• INPUT DATA:
####
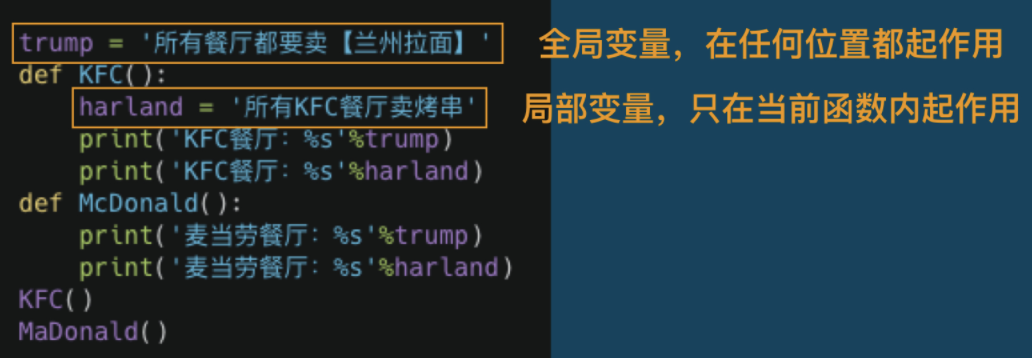 全局作用域:在所有函数之外赋值的变量,可以在程序任意位置使用(全局作用域),这就是全局变量; 局部作用域:在某个函数内部赋值的变量,只能在当前函数内使用(局部作用域),出了这个函数,它就不起作用了
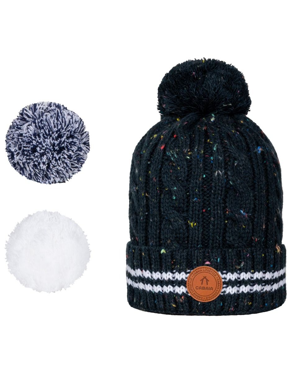 Le bonnet Creamy Gin de Cabaïa, doux et chaud, offre trois pompons interchangeables par aimant pour changer de style selon vos envies.
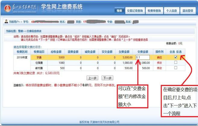 第五步:选择收费项目,如需调整缴费金额,可在相关栏目做调整。
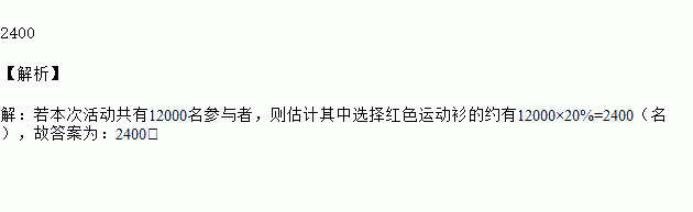 “万人马拉松”活动组委会计划制作运动衫分发给参与者,为此,调查了部分参与者,以决定制作橙色、黄色、白色、红色四种颜色运动衫的数量.根据得到的调查数据,绘制成如图所示的扇形统计图.若本次活动共有12000名参与者,则估计其中选择红色运动衫的约有________名.
####
• WORK ITEM: Leaving the pictures aside, repeat the data above exactly.

• RESPONSE AREA:
 全局作用域:在所有函数之外赋值的变量,可以在程序任意位置使用(全局作用域),这就是全局变量; 局部作用域:在某个函数内部赋值的变量,只能在当前函数内使用(局部作用域),出了这个函数,它就不起作用了
 Le bonnet Creamy Gin de Cabaïa, doux et chaud, offre trois pompons interchangeables par aimant pour changer de style selon vos envies.
 第五步:选择收费项目,如需调整缴费金额,可在相关栏目做调整。
 “万人马拉松”活动组委会计划制作运动衫分发给参与者,为此,调查了部分参与者,以决定制作橙色、黄色、白色、红色四种颜色运动衫的数量.根据得到的调查数据,绘制成如图所示的扇形统计图.若本次活动共有12000名参与者,则估计其中选择红色运动衫的约有________名.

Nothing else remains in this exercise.